Hyperprolactinemia

HYPERPROLACTINEMIA

• Prolactin(PRL) is a single-chain peptide hormone secreted from lactotroph cells of the anterior pituitary gland.
• Prolactin exerts its main physiological role by promoting milk secretion of mammary glands during the postpartum period.

PROLACTIN SERUM ISOFORMS

Prolactin exists in three major circulating molecular isoforms.

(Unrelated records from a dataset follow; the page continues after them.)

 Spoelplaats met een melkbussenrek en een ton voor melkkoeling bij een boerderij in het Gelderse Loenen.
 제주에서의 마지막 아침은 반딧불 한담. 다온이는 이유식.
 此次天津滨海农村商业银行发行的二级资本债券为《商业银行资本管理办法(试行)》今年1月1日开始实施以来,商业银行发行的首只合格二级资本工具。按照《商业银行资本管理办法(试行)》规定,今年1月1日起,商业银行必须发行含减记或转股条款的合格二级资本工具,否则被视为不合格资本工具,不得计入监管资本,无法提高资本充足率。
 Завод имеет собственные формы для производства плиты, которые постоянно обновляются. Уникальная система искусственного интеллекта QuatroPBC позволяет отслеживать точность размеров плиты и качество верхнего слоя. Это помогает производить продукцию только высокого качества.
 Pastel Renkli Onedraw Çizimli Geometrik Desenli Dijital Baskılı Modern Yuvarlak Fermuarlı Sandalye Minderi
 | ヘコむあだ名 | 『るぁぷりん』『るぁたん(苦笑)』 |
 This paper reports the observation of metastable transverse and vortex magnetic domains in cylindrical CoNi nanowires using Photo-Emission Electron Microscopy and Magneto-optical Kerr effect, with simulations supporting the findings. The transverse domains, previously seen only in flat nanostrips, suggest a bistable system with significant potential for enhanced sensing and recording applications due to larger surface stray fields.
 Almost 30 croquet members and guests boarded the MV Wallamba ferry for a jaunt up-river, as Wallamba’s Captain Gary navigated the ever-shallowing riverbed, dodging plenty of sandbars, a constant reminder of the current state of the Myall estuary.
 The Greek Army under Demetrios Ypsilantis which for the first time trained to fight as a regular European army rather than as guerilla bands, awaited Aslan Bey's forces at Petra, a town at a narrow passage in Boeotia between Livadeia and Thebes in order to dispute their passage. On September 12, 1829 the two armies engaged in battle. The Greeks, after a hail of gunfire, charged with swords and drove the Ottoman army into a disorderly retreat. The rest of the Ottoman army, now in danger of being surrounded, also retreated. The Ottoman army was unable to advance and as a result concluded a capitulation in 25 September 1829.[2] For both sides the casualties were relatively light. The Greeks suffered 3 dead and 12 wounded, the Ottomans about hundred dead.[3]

• Monomeric or little PRL (molecular weight [MW] 23 kDa) - the major circulatory isoform (80–95%) of the total prolactin in healthy subjects and those with prolactinomas.
• Dimeric or big PRL (MW 45–60 kDa)
• Multimeric / big-big PRL or macro prolactin ( MW> 150 kDa)

Dimeric and Multimeric correspond to less than 10% of the total PRL (1).

PROLACTIN SECRETION

• Prolactin secretion is pulsatile and follows a circadian rhythm with the highest plasma concentration reached during sleep, and the lowest observed in the morning about 2–3h after waking up (2).

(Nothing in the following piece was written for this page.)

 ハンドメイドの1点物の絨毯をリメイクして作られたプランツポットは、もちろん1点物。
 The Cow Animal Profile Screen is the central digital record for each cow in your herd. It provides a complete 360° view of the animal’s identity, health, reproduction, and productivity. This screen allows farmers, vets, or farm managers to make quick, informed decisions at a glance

Fig. 1. Prolactin secretion(3).

NOTE -The predominant regulatory signal is the inhibition of prolactin secretion by the neurotransmitter, dopamine, from neurons in the hypothalamus (2).

HYPERPROLACTINEMIA

• Hyperprolactinemia is defined as the presence of abnormally high levels of prolactin in the blood above normal levels 0f 10–28 mg/L in women and 5–10 mg/L in men. 

PREVALENCE

• The prevalence of hyperprolactinemia ranges from 0.4% in an unselected adult population to as high as 9-17% in women with reproductive diseases.

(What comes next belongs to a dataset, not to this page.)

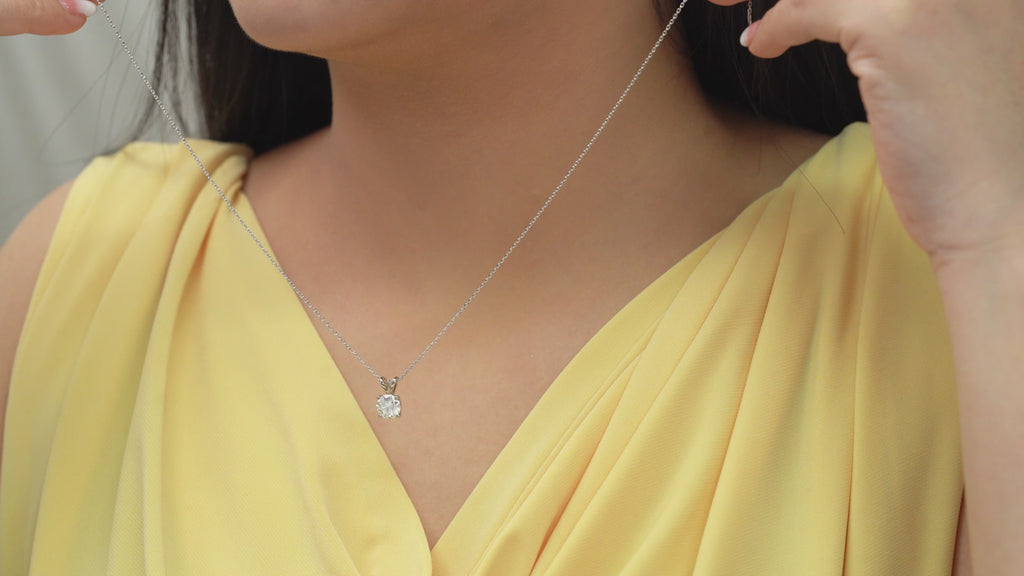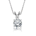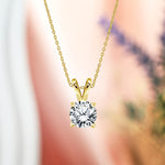 Make your special day most memorable with this 2 Carat Round Cut Moissanite Brilliant Pendant Necklace - 18K Yellow Gold Plating Over Silver. Skillfully hand-cut into a nice round cut by our skilled jewelers, this flawless moissanite solitaire necklace comprises 2 carat moissanite on solid yellow plating over silver. Special and non-traditional, this moissanite necklace is well-suited for those who are not quite into normal lifestyle. With naked eyes moissanites look, shine and feel exactly like diamonds. With its splendor, this pendant necklace with moissanite will absolutely enhance every style of its wearer. Hanging in a silver cable chain that is secured by a spring ring clasp, this moissanite pendant necklace is beautiful and accessible since it is available at a reasonable price. Moissanites are the most popular alternative gemstone for diamonds while being at lower and more affordable price. Considered as a symbol of timeless love and affection for your lover, this moissanite necklace , the birthstone pendant necklace for April, symbolically representing strength and an unbreakable love, will be the greatest choice you will ever make. Additionally, this moissanite pendant necklace can be customized to your own choice of metal colors: 18K rose gold plating over silver, 18K white gold plating over silver, or 18K yellow gold plating over silver. In regards to its hardness, moissanite is almost as hard as diamond which means that it is notably durable. Let’s impress her with this pendant necklace with a moissanite gemstone and she will be eternally joyful.

CLINICAL SIGNS AND SYMPTOMS

• It is present in 10% to 25% of women with secondary amenorrhea or oligomenorrhea, in  30% of women with galactorrhea or infertility, and in 75% of those with both amenorrhea and galactorrhea (4).
• Hyperprolactinemia causes hypogonadotropic hypogonadism (HH) which is due to suppression of pulsatile GnRH thus causing anovulation, hypoestrogenism, and thus osteoporosis in perimenopausal women.
• When hyperprolactinemia is caused by a prolactinoma, additional pressure symptoms may include headaches, visual field defects, and abnormal pituitary function.
• Hyperprolactinemia in men may result in decreased libido, impotence, decreased sperm production, infertility, weight gain, and osteoporosis [4]

ETIOLOGY

Potential causes of hyperprolactinemia are listed in the table 1below .(5)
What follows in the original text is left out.